What the task requires: Every line with "Figure" in it must be copied from the data.

*** Opening Data for the task ***

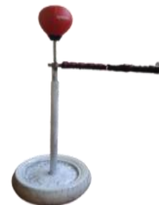
Figure 3. The Standing Punching Pad after Development
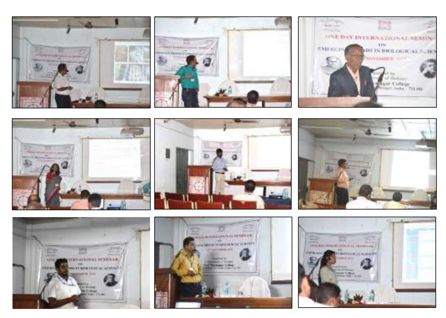
Oral Presentations by Delegates from different Colleges and Universities
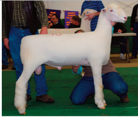
Junior Champion Polled Ram Early Fall Ram Lamb Narrow Lanes Dorsets, Dalmatia, PA
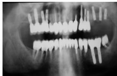
Figure 11. Radiograph after implant placement
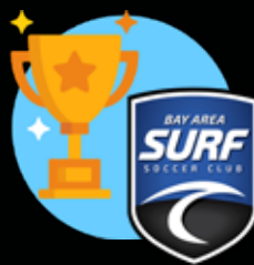
U11 BAY AREA SURF BAY AREA, CALIFORNIA
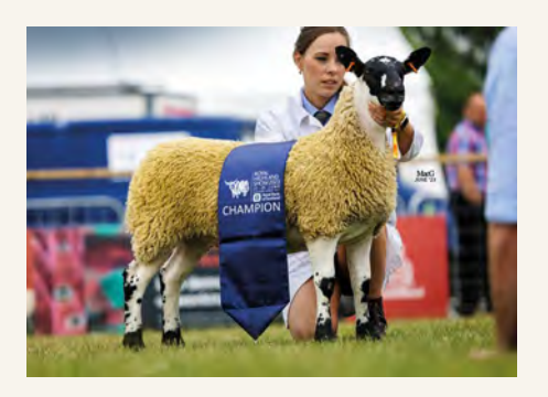
SCOTCH MULE A MacGregor (Allanfauld) Ltd
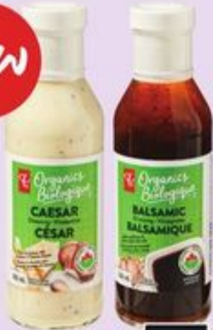
PC® ORGANICS BALSAMIC OR CAESAR DRESSING 350 ML 21609744_EA/21609630_EA
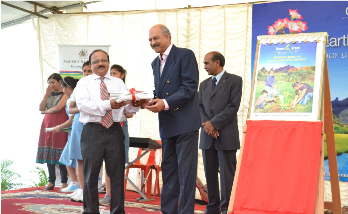
Symbolic handing over of pamphlet and poster on Tree Planting by Hon. Devanand Virahsawmy, GOSK, FCCA, Minister of Environment and Sustainable Development
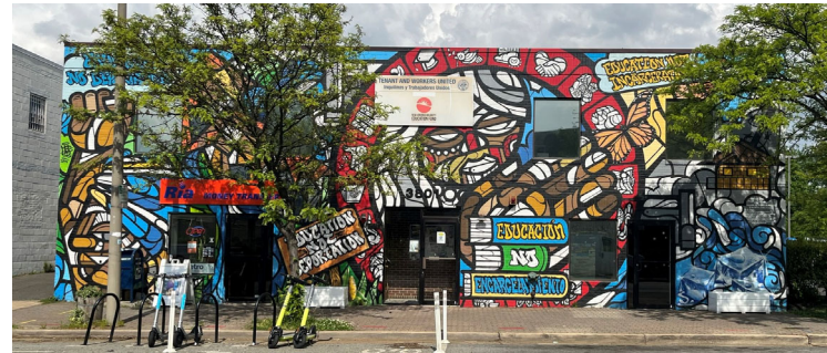
Tenants and Workers United Mural, MasPaz 3801 Mount Vernon Avenue
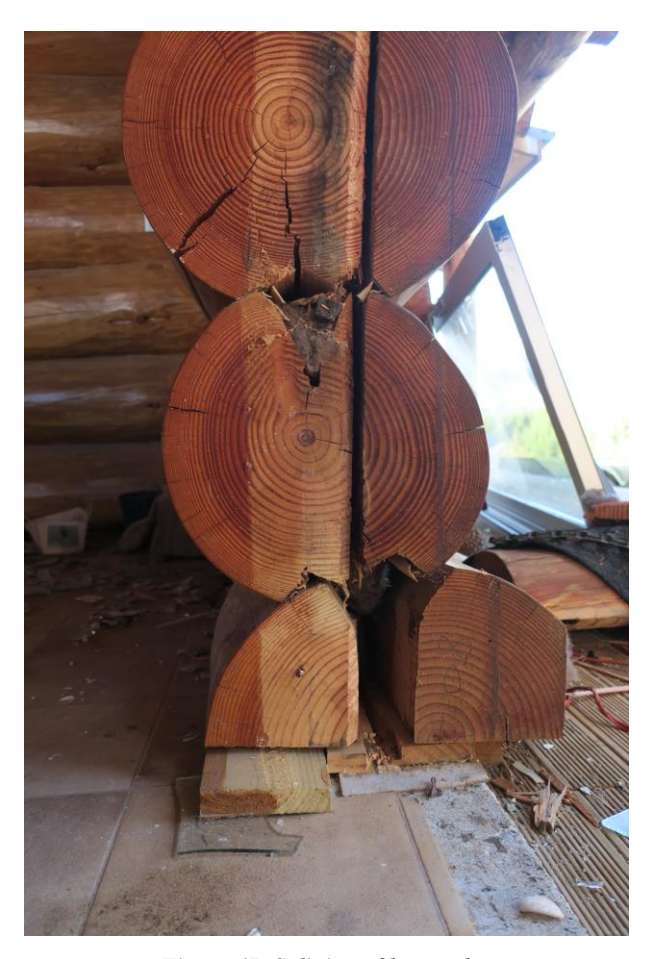
Figure 47: Splitting of bottom log
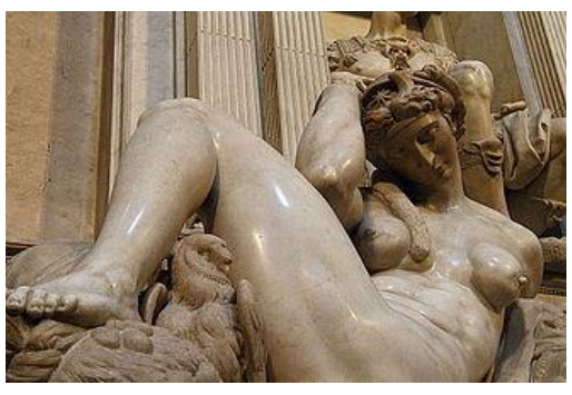
Michelangelo Buonarroti, Night (c. 1526-31, Medici Chapel, Florence, Italy)
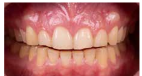
Fig. 1: Microlayered zirconia crown (MDT Roberto Della Neve) Fig. 1: Initial situation, frontal view.
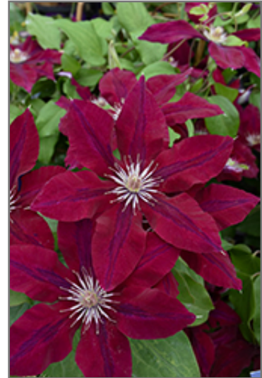
Rebecca Clematis flowers

Rebecca Clematis is recommended for the following landscape applications;
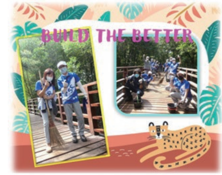
Mangrove forest clean-up project

The company will continue efforts to realize a sustainable society.
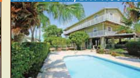
1642 Churchill Downs

Warm & Welcoming! Top floor 2B/1.5B w/splendid Bay Views. 2nd floor waiting for your personality and flair for a remodel. Endless possibilities on Bed/baths! concrete pool, 55' dock w/ramp on 1/3 acre of land! $995,000
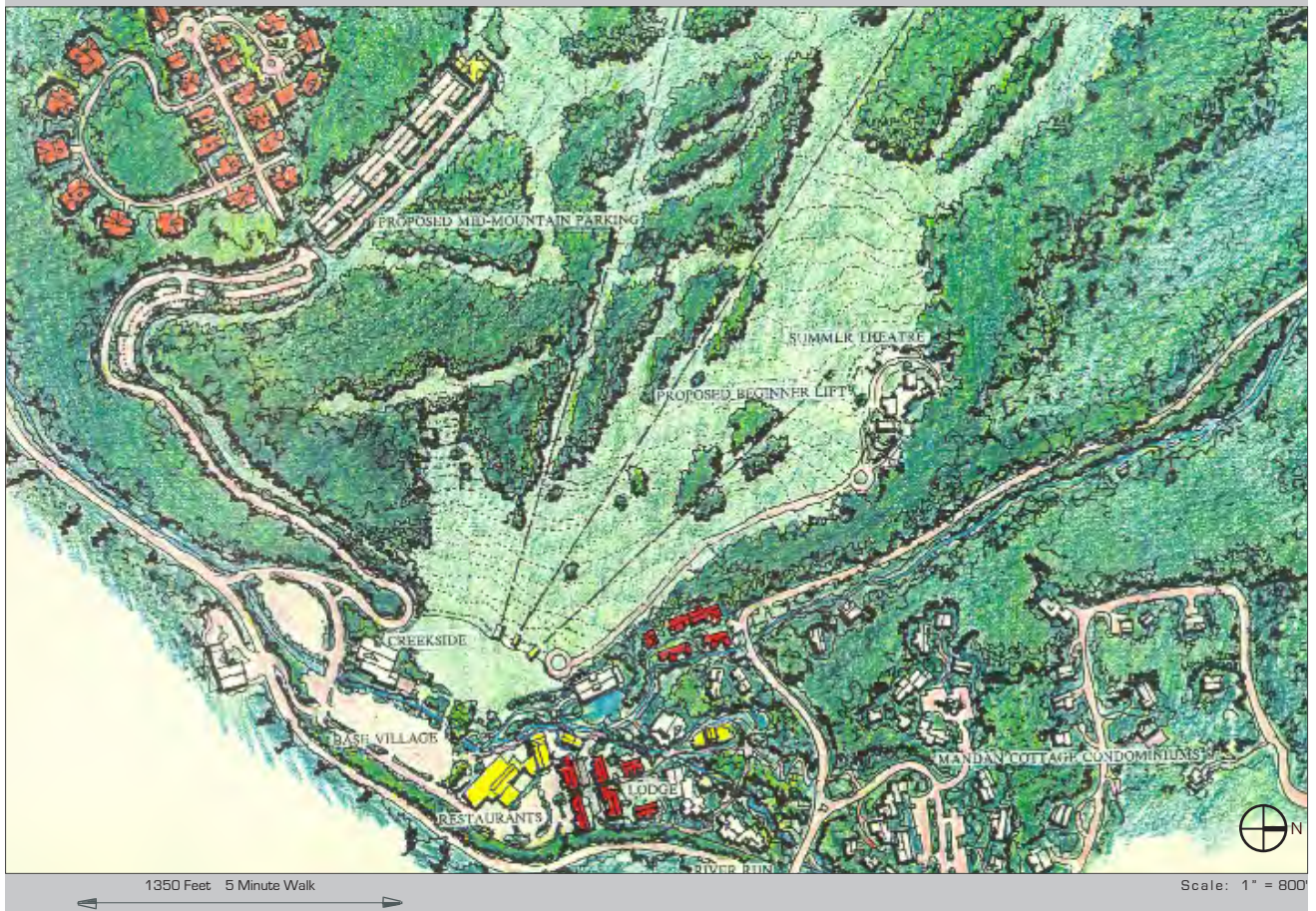
Rendered Base Site Plan

*** Closing Data for the task ***

Expected output:
Figure 3. The Standing Punching Pad after Development
Figure 11. Radiograph after implant placement
Figure 47: Splitting of bottom log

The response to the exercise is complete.